En vergeef ons onze schulden, gelijk ook wij vergeven onze schuldenaren.
Dat wil zeggen:
Wil ons, arme zondaren, om het bloed van Christus geen van onze misdaden toerekenen en ook niet de slechtheid die altijd nog in ons is, zoals wijzelf ook als een bewijs van uw genade in ons opmerken, dat wij het vaste voornemen hebben onze naaste van harte te vergeven.


 

De preek van Ds. J.W. Tunderman over zondag 51

Wij hebben de vorige week gesproken over de bede: geef ons heden ons dagelijks brood.

Toen wij deze bede met elkaar hier in de kerk bespraken, deden we dat onwillekeurig met meer belangstelling, in een andere gemoedstoestand dan misschien wel een vorige keer bij de behandeling van Zondag 50 het geval geweest is. In de jaren die aan deze tijd voorafgingen was ons brood ons zo zeker en ons water zo gewis, niet zozeer omdat Gods onwankelbare beloften ons voor ogen stonden, maar meer omdat we het ons haast niet konden voorstellen op welke wijze het mogelijk zou zijn, dat het dagelijks brood ons kon worden ontnomen. Zo hadden wij onze vastheden naast die van het Woord Gods en deze vastheden stonden ons in de weg om ons geheel en al op het Woord van God te werpen. Daarom was het gebed, geef ons heden ons dagelijks brood, zo moeilijk geworden. Wij konden dat blijkbaar niet meer bidden, zoals het behoort.

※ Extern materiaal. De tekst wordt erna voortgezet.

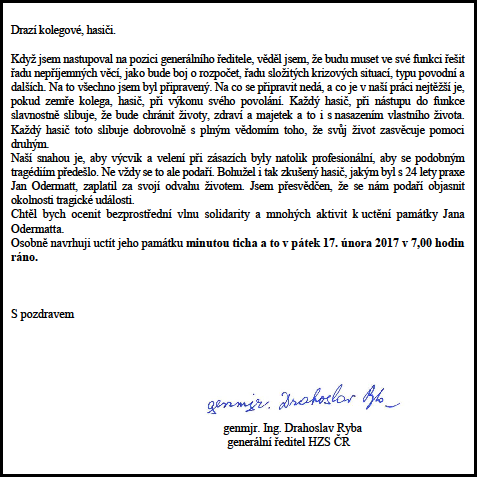 Minuta ticha za uctění památky zemřelého kolegy

Ditmaal was er bij ons een enigszins andere instelling. Ons is duidelijk geworden, dat de mogelijkheid van broodsgebrek inderdaad al gegeven is. Wat we ons vroeger bijna niet konden indenken dat heeft zich voor onze ogen afgespeeld. Daarom kwam iets diepers in ons in beweging toen wij de vorige week de bede om het dagelijks brood uit het Woord van de Here zochten te verstaan. Deze dingen zijn nu voor ons zo actueel.

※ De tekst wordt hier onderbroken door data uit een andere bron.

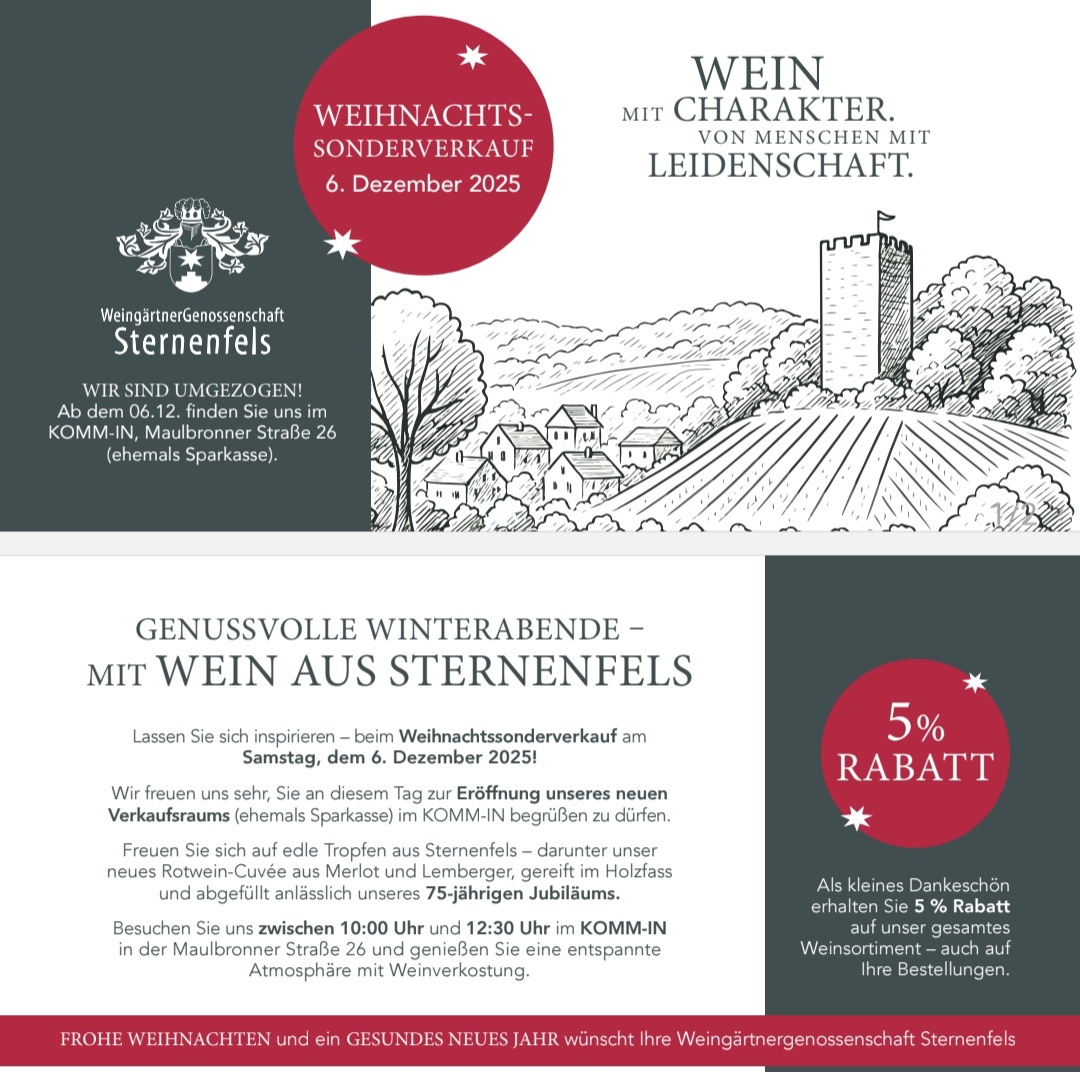 Am Samstag, dem 6. Dezember 25 findet unser Weihnachts-Sonderverkauf statt. Als kleines Dankeschön erhalten Sie 5% auf unser gesamtes Sortiment. Bitte beachten Sie, daß wir umgezogen sind. Ab dem 6.12. finden Sie uns im KOMM-IN, Maulbronner Straße 26 (ehemals Sparkasse). Wir freuen uns auf Ihren Besuch….

Opzettelijk zouden we, misschien zonder het te weten, de zegen van de dienst van het Woord van deze avond verderven indien wij naar de kerk zouden gekomen zijn in de gedachte, dat de prediking van vanavond die actualiteit mist. Helemaal onmogelijk is het echter niet, dat onwillekeurig bij ons de gedachte zich doet gelden, dat de prediking over de vijfde bede minder actueel moet zijn dan die over de vierde bede. Wij hebben in deze tijd nog steeds meer met ons dagelijks brood dan met onze schuld te doen. En de vraag wat we zullen eten en drinken heeft voor ons vrij wat meer klem dan die andere, hoe wij van onze schuld bevrijd zullen worden en hoe God wil, dat wij nu om de vergeving van onze schulden bidden zullen.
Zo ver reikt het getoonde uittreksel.